Early successes included the room-filling Perceptron, which could learn to distinguish shapes on a screen. But it was unclear how to train large networks with many layers of neurons, to allow the technique to go beyond toy tasks.
Hinton showed the solution to training so-called deep networks. He coauthored a seminal 1986 paper on a learning algorithm called backpropagation. That algorithm, known as backprop, is at the heart of deep learning today, but back then the technology wouldn’t quite come together. “There was a blackout period between the mid-90s and the mid-2000s where essentially nobody but a few crazy people like us were working on neural nets,” says LeCun.
The WIRED Guide to Artificial Intelligence
His contributions included convnets, invented neural network designs well suited to images; he proved the concept by creating check-reading software for ATMs at Bell Labs. Bengio pioneered methods to apply deep learning to sequences, such as speech, and understanding text. But the wider world only caught on to deep learning early in this decade, after researchers figured out how to harness the power of graphics processors, or GPUs.
One crucial moment took place in 2012, when Hinton, then at the University of Toronto, and two grad students surprisingly won an annual contest for software that identifies objects in photos. Their triumph left the field’s favored methods in the dust, correctly sorting more than 100,000 photos into 1,000 categories within five guesses with 85 percent accuracy, more than 10 percentage points better than the runner-up. Google acquired a startup founded by the trio early in 2013 and Hinton has worked for the company ever since. Facebook hired LeCun later that year.

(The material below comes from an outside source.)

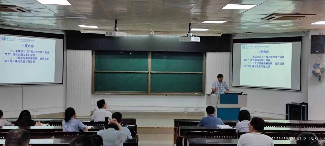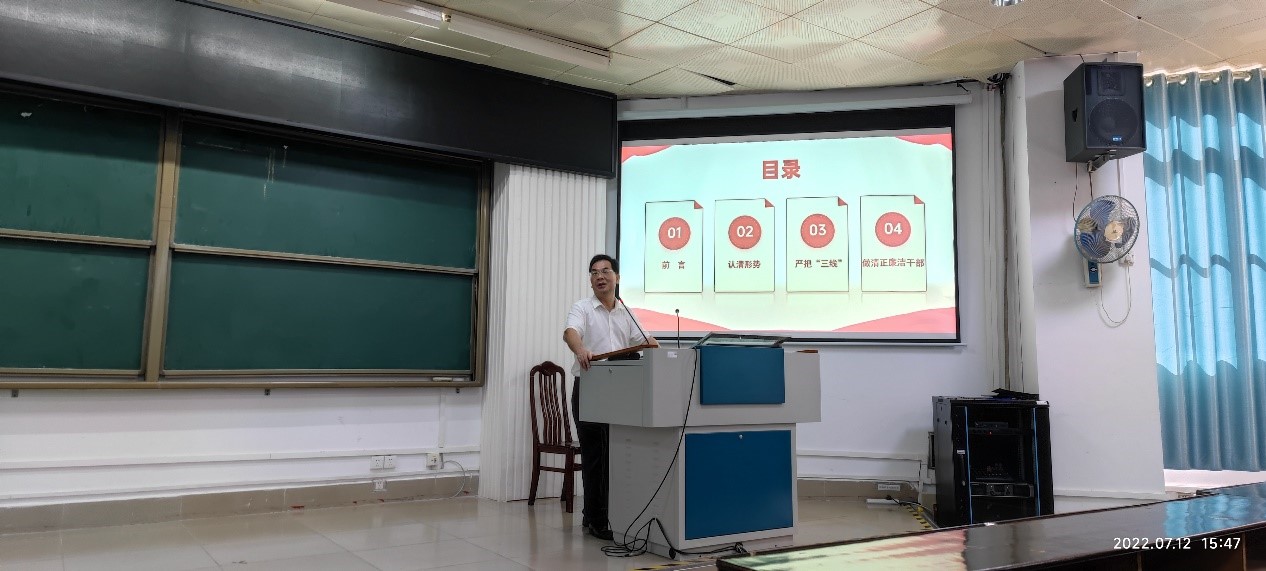 推进“清廉西大”建设实施方案》精神;然后邓珍琪同志为全体教职工作题为《筑牢反腐倡廉防线,做清正廉洁干部》廉洁教育专题党课;最后学院党委书记钟诚同志强调要求全体教职工必须高度重视廉洁教育,要将廉洁廉政教育与课程思政有机结合,做到让廉洁文化深入师生心中、廉洁理念成为共识、廉洁自律意识时刻牢记。

“You can look back on what happened and think science worked the way it's meant to work,” Hinton says. That is, “until we could produce results that were clearly better than the current state of the art, people were very skeptical.”
Hinton says he and his collaborators stuck with their unfashionable ideas for so long because they are mavericks at heart. All three are now part of the academic and tech industry mainstream. Hinton and LeCun are vice presidents at two of the world’s most influential companies. Bengio has not joined a tech giant, but is an adviser to Microsoft and has worked with startups adapting deep learning to tasks such as drug discovery and helping victims of sexual harassment.

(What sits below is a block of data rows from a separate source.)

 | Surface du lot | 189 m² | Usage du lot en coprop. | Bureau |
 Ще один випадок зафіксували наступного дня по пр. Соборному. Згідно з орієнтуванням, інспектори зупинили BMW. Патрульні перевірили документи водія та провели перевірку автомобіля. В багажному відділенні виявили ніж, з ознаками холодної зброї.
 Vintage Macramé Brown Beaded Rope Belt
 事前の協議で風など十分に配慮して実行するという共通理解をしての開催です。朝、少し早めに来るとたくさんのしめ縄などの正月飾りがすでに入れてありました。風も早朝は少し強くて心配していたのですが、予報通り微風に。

The three have gone in different directions, but remain collaborators and friends. Asked whether they will deliver the traditional Turing Award lecture together, Hinton raises chuckles by suggesting Bengio and LeCun go first so he can give his own lecture about what they got wrong. Does that joke reflect the trio’s typical working dynamic? Hinton says “no” at the same time LeCun good naturedly says “yes.”

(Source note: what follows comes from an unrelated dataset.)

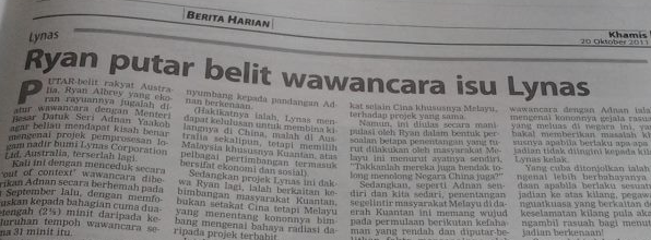 Dakwaan "Ryan Albrey" Pasal Lynas Terhadap MB Pahang "Di Bidas Dalam Berita Harian", Hari ini !!

Despite deep learning’s many practical successes, there’s still much it can’t do. Neural networks are brain-inspired but not much like the brain. The intelligence deep learning gives computers can be exceptional at narrowly defined tasks—play this particular game, recognize these particular sounds—but isn’t adaptable and versatile like human intelligence.
Hinton and LeCun say they would like to end the dependence of today’s systems on explicit and extensive training by people. Deep learning projects depend on an abundant supply of data labeled to explain the task at hand—a major limitation in areas such as medicine. Bengio highlights how despite successes such as better translation tools, the technology is far from able to properly understand language.
None of the trio claim to know how to solve those remaining challenges. They advise anyone hoping to make the next Turing-winning breakthrough in AI to emulate their own willingness to ignore mainstream ideas. “They should not follow the trend—which right now is deep learning,” Bengio says.